Dsymbol (and descendents) ::toObjFile -- Emits code and data for objects that have generally have a symbol name and storage in memory. Containers like ClassDeclaration also have a 'members' array with child Dsymbols.  Most of these are descendents of the Declaration class.

Statement (and descendents) ::toIR -- Emits instructions.  Usually, you just call toObjFile, toIR, toElem, etc. on the statement's fields and string  the results together in the IR.

Expression (and descendents) ::toElem -- Returns a back end representation of numeric constants, variable references, and operations that expression trees are composed of.  This was very simple for GCC because the back end already had the code to convert expression trees to ordered instructions.  If LLVM doesn't do this, I think you could generate the instructions here since LLVM has SSA.
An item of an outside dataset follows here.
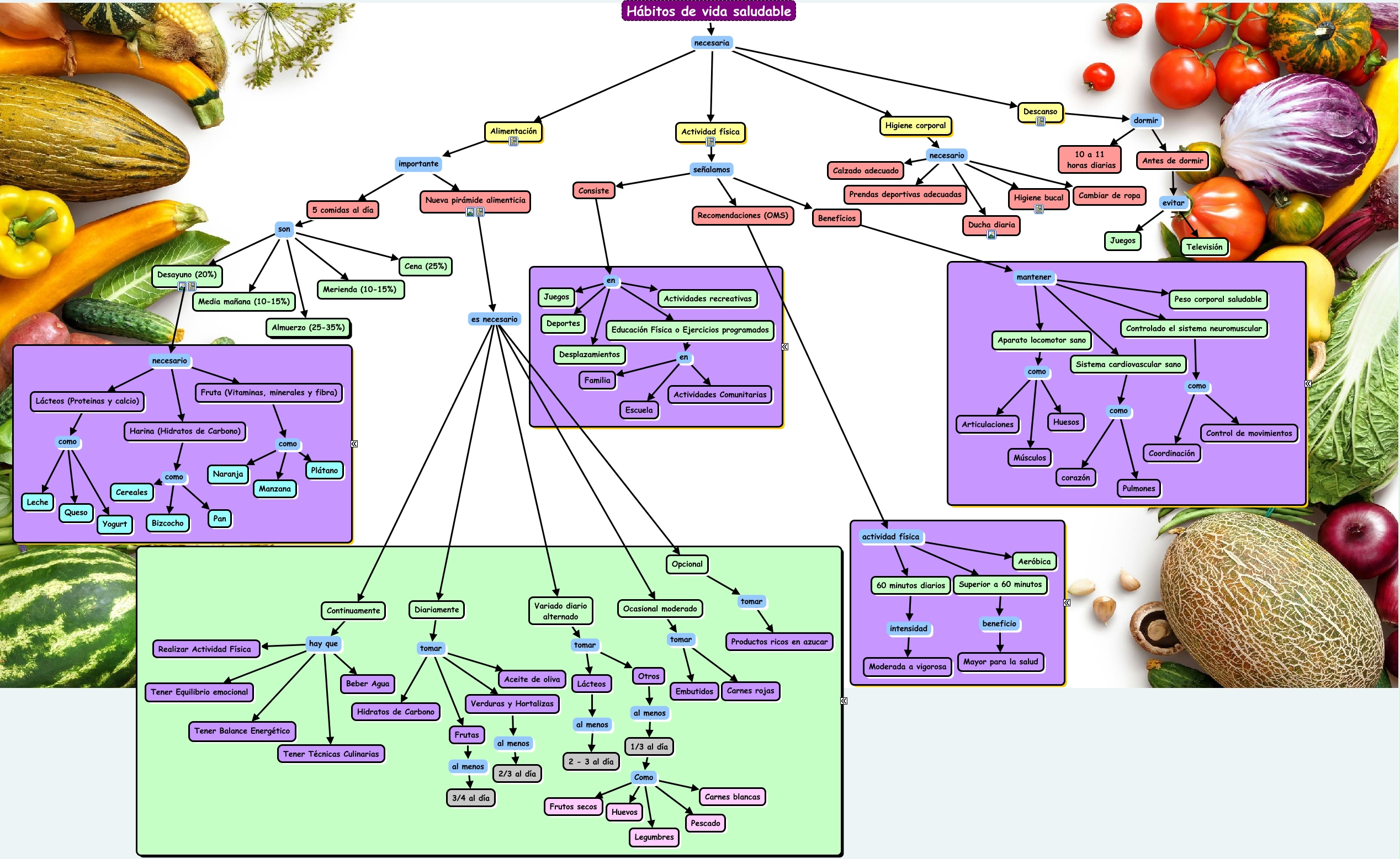 Este Cmap, tiene información relacionada con: Hábitos de vida saludable, Sistema cardiovascular sano como corazón, Sistema cardiovascular sano como Pulmones, Consiste en Educación Física o Ejercicios programados, Continuamente hay que Beber Agua, Fruta (Vitaminas, minerales y fibra) como Naranja, Higiene corporal necesario Cambiar de ropa, Nueva pirámide alimenticia es necesario Variado diario alternado, Consiste en Juegos, Diariamente tomar Frutas, 5 comidas al día son Almuerzo (25-35%), Harina (Hidratos de Carbono) como Bizcocho, Aparato locomotor sano como Huesos, Desayuno (20%) necesario Fruta (Vitaminas, minerales y fibra), Hábitos de vida saludable necesaria Actividad física, Ocasional moderado tomar Embutidos, 60 minutos diarios intensidad Moderada a vigorosa, Desayuno (20%) necesario Harina (Hidratos de Carbono), Frutas al menos 3/4 al día, Hábitos de vida saludable necesaria Alimentación, 5 comidas al día son Merienda (10-15%)
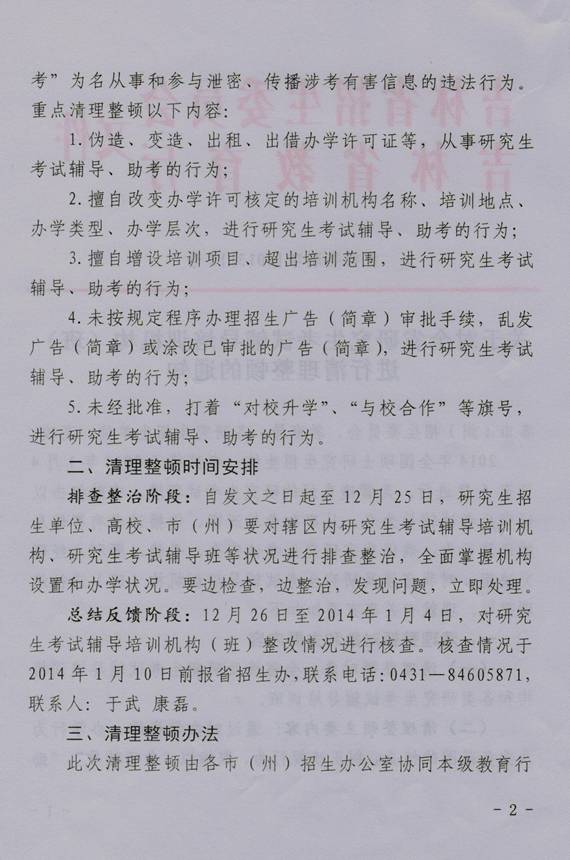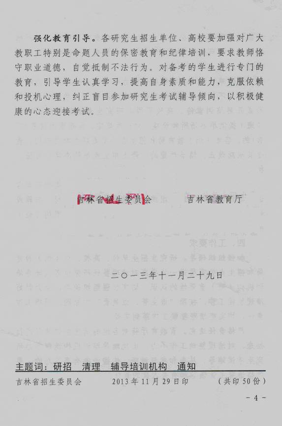 2014年全国硕士研究生招生统一考试将于2014年1月4日至6日进行。为确保我省研究生考试安全、平稳、顺利,省招生委、省教育厅联合下发了《九游j9官网入口(中国)官方网站对全省研究生考试辅导培训机构(班)进行清理整顿的通知》(吉招委联字〔2013〕13号)。结合文件精神,按照九游j9官网入口(中国)官方网站领导批示和部署,从即日起至研考期间,将在全校范围内排查涉研辅导培训机构和辅导培训班,并对涉研非法广告进行彻底清理。有关要求通知如下:

Type (and descendents) ::toCtype -- Returns the back end representation of the type.  Note that a lot of classes don't override this -- you just need to do a switch on the 'ty' field in Type::toCtype.

Dsymbol (and descendents) ::toSymbol -- returns the back end reference to the object.  For example, FuncDeclaration::toSymbol could return a llvm::Function. These are already implemented in tocsym.c, but you will probably rewrite them to create LLVM objects.

David


resistor AT mac DOT com wrote:
> I've been looking at trying to hook the DMD frontend up to LLVM (www.llvm.org),
> but I've been having some trouble.  The LLVM IR (Intermediate Representation) is very well
> documented, but I'm having a rough time figuring out how DMD holds its IR.  Since at least three people
> (David, Ben, and Walter) seem to have understand, I thought I'd ask for guidance.
> 
> What's the best way to traverse the DMD IR once I've run the three semantic
> phases?  As far as I can tell it's all held in the SymbolTable as a bunch of Symbols.  Is there a good way to
> traverse that and reconstruct it into another IR?
> 
> -Owen
> 
> 

August 24, 2004
Awesome.  Thanks for all the help.  I'm starting out by removing all backend calls and replacing them with debug printf's so I can keep track of what needs replacing.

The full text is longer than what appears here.